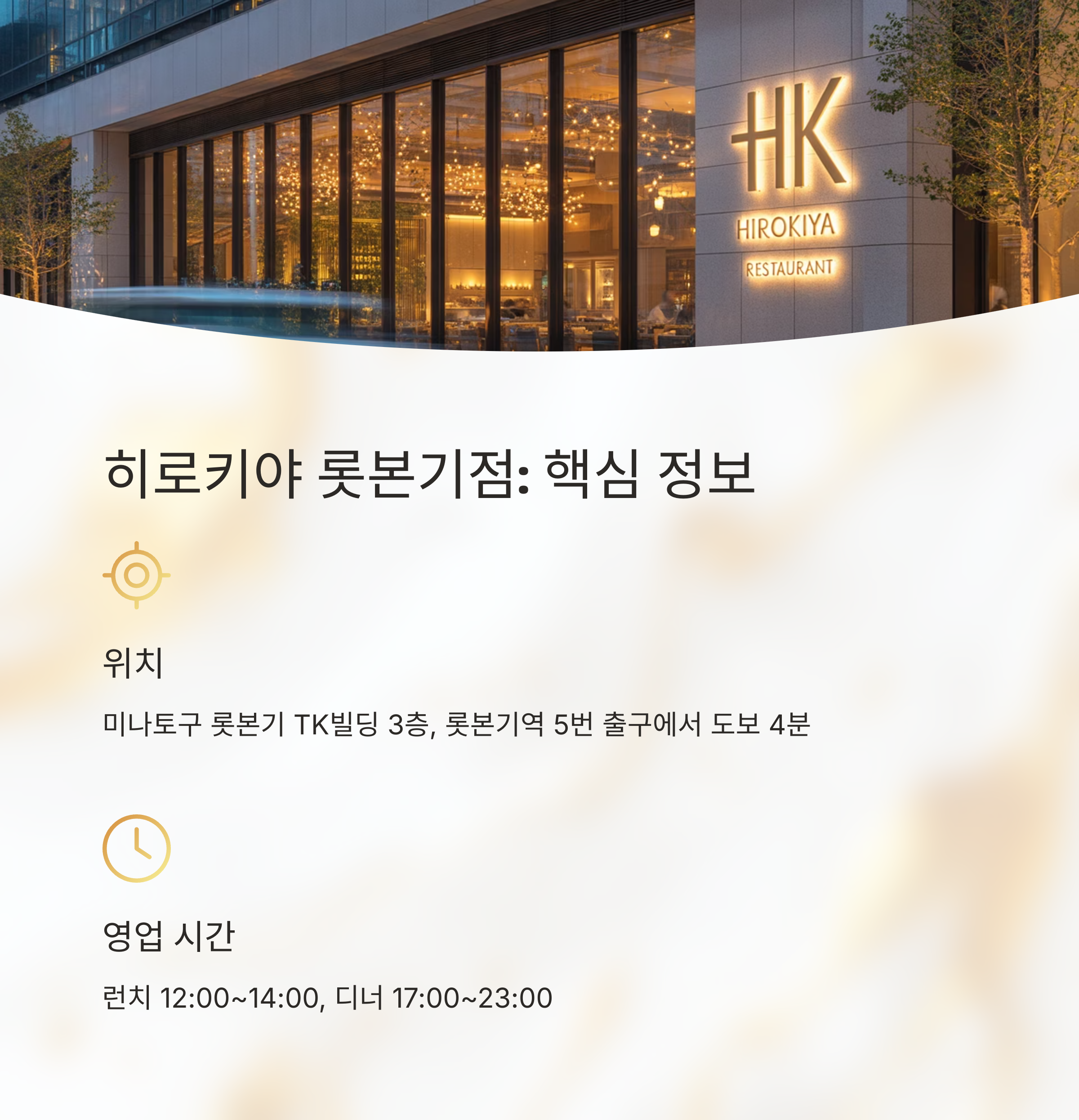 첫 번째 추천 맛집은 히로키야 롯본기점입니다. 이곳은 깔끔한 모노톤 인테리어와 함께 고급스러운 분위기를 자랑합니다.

===============

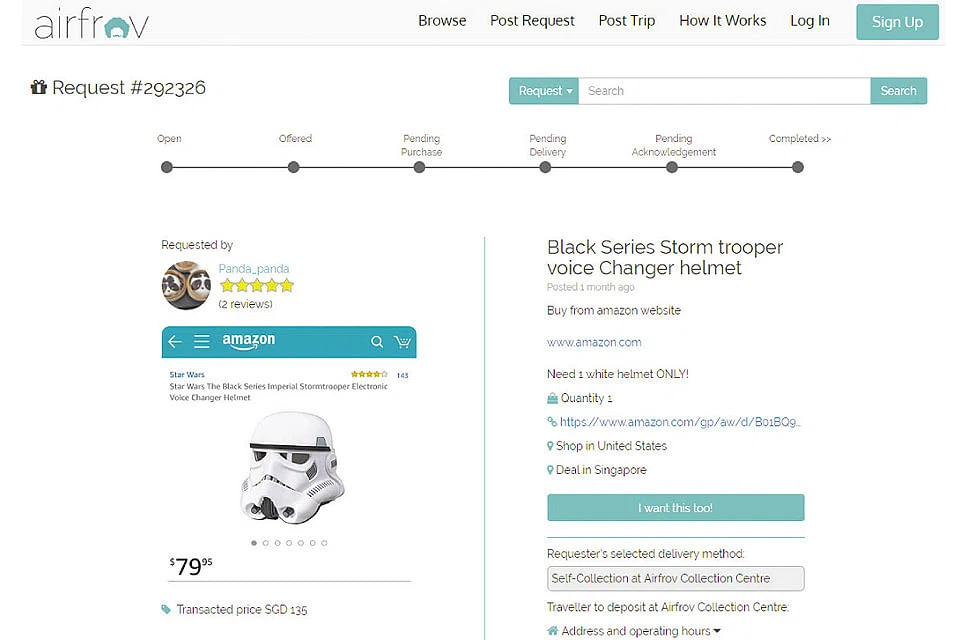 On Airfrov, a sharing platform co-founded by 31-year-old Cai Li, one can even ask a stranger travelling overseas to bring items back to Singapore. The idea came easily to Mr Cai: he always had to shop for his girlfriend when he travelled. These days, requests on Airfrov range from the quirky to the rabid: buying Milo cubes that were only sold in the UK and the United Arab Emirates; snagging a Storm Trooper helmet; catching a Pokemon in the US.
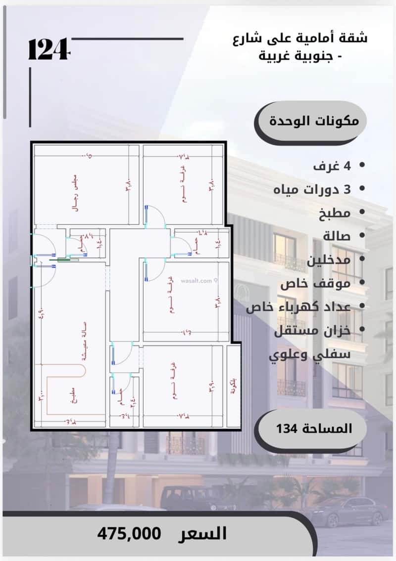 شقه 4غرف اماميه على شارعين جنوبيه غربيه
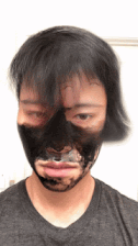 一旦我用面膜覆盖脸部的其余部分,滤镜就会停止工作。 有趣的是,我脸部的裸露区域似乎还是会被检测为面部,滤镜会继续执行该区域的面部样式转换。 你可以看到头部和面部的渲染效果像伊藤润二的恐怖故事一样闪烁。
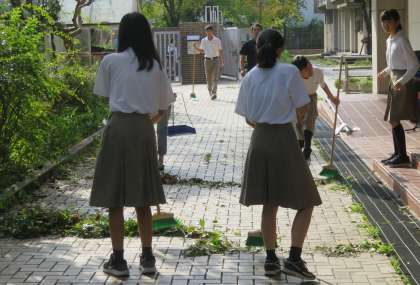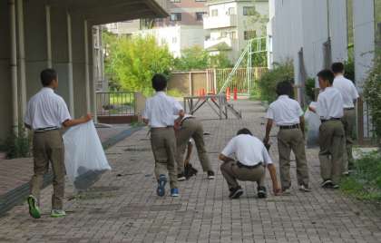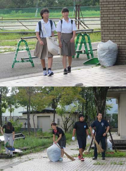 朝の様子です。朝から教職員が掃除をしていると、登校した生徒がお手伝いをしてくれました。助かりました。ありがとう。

===============

Above are records with pictures. Reproduce exactly only the lines from the line with "شقه 4غرف اماميه على شارعين جنوبيه غربيه" through the line with "朝の様子です。朝から教職員が", both ends included, and leave the pictures out.

 شقه 4غرف اماميه على شارعين جنوبيه غربيه
 一旦我用面膜覆盖脸部的其余部分,滤镜就会停止工作。 有趣的是,我脸部的裸露区域似乎还是会被检测为面部,滤镜会继续执行该区域的面部样式转换。 你可以看到头部和面部的渲染效果像伊藤润二的恐怖故事一样闪烁。
 朝の様子です。朝から教職員が掃除をしていると、登校した生徒がお手伝いをしてくれました。助かりました。ありがとう。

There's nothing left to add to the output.